USD/ZAR | −2257.187 | −2227.667 | 59.04^{*} |

USD/BRL | −2159.827 | −2135.46 | 48.73^{*} |

## 4. A new forecast scheme

In the literature, three alternative ways for generating the sequence of the forecasts, namely the recursive, rolling, and fixed schemes are suggested, see [13]. In this paper, the estimation sample of the models for all return series is based on *R* = 2000 observations, while the last *P* = 1000 observations are used for the out-of-sample forecast. Only the case of generating one-step ahead forecasts using the three alternative methods to generate a sequence of *P* one-step ahead forecasts is considered. For the estimation sample sizes *R* for all return series, the study will consider five different values for *P* for the three alternative schemes, namely *P* = 200, 400, 600, 800, 1000.

In this section, an attempt is made to introduce a new alternative scheme to generate the sequence of the forecasts by computing a weighted average of the last three alternative methods. The weights used are the reciprocals of the MSE of the methods. The rationale behind this is that a method with large mean square forecasting errors (MSE) (i.e., less reliability) should be given a smaller weight. The suggested name for the new method is “weighted average scheme.” The four forecasting alternative schemes are applied using the estimated GARCHSK models for stock and exchange rate return series, which are given in the previous section and the results are shown in **Table 8**.

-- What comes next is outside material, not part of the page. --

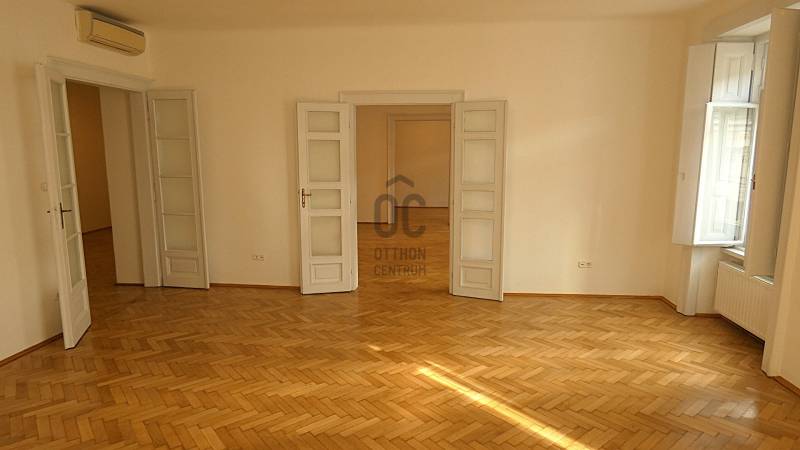 V. KER. CSENDES MELLÉKUTCA, SZÉP HÁZ, 4.e.-i JÓ ÁLLAPOTÚ 138 m2 LAKÁSV. Ker. LIPÓTVÁROS körzetében, CSENDES MELLÉKUTCÁBAN (átmenőforgalomtól mentes), kívül-belül SZÉP, 1930-as években épült LIFTES HÁZ 4. EMELETÉN kínálunk eladásra, egy 138 m2-es, 4 SZOBÁS, VILÁGOS, NY-i TÁJOLÁSÚ, KLIMATIZÁLT, KIÉPÍTETT SZÁMÍTÓGÉPES HÁLÓZATTAL RENDELKEZŐ, FRISSEN FELCSISZOLT PARKETTÁS, NAGYPOLGÁRI LAKÁST.Az alaprajzon megjelölt hall, és a 14,4 m2-es szoba egybe van nyitva, de ez egy válaszfallal visszaépíthető. AZ INGATLANT JELENLEG EGY NAGY MÚLTÚ, ÁLLAMI CÉG BÉRLI 700eFt/hó+Áfa ÖSSZEGÉRT, AKIK MARADNÁNAK HOSSZÚ TÁVRA.Külső nyílászárók: FELÚJÍTOTT TRIPLA ÜVEGEZÉSŰ, HŐSZIGETELT FA, Belső nyílászárók: EREDETI FELÚJÍTOTT FA Fűtés: gáz cirkó (ÚJ A KAZÁN), Belmagasság: 3,5 m. Közös költség: 30eFt/hó, mely tartalmazza a közös villany, kukaszállítás, lift, felújítási alap, valamint a közös képviselő költségeit is, + 11eFt/hó a felújítási alap. Vízóra van.Közlekedés: busz, metró, villamos néhány perc sétatávolságraTISZTELT ÉRDEKLŐDŐ!TÖBB MINT 20 ÉVE FOGLALKOZOM INGATLANOK ÉRTÉKESÍTÉSÉVEL MAGYARORSZÁG PIACVEZETŐ INGATLANKÖZVETÍTŐ HÁLÓZATÁNÁL, AZ OTTHON CENTRUMNÁL. AMENNYIBEN SZÁNDÉKÁBAN ÁLL INGATLANT ELADNI - A LEGRÖVIDEBB IDŐN BELÜL, GARANTÁLT JOGI, ÉS BANKI HÁTTÉRREL - KERESSEN BIZALOMMAL, HOGY EGY HELYSZÍNI FELMÉRÉST KÖVETŐ INGYENES ÉRTÉKMEGÁLLAPÍTÁS UTÁN, EGYÜTT TUDJUNK MŰKÖDNI AZ ÖN INGATLANÁNAK AZ ELADÁSÁBAN IS!

**Table 8** presents the averages of the mean square forecasting errors over all levels of out-of-sample forecast (*P* = 200, 400, 600, 800, 1000) for the recursive, rolling, fixed, and weighted average schemes for all daily returns of stock and exchange rate series. The results show that the average forecasting mean squares errors for the four forecasting methods for all return series differ only either in the second decimal place or third decimal place. Although the weighted method shows clear superiority to the recursive and fixed methods, it failed to beat the rolling method which outperforms all other three methods in these data. We attribute the fair performance of weighted method compared to the rolling method possibly because of the small differences in the mean square errors of the un-weighted methods. We expect it to perform better in cases, where the three methods differ markedly with respect to their mean square errors.

## 5. Conclusions

This chapter proposes a GARCH-type model that allowing for time-varying volatility, skewness, and kurtosis where assuming a Johnson’s SU distribution for the error term. Models estimated using daily returns of five stock indices and five exchange rate series. The results indicate significant presence of conditional volatility, skewness, and kurtosis. Moreover, it is found that specifications allowing for time-varying skewness and kurtosis outperform specifications with constant third and fourth moments. Also, a weighted average forecasting scheme is introduced to generate the sequence of the forecasts by computing a weighted average of the three alternative methods namely the recursive, rolling, and fixed schemes are suggested. The results showed that the weighted average scheme did not show clear superiority to the other three methods. Further work will consider linear and nonlinear combining methods and different forecasting horizons to forecast stock and return series.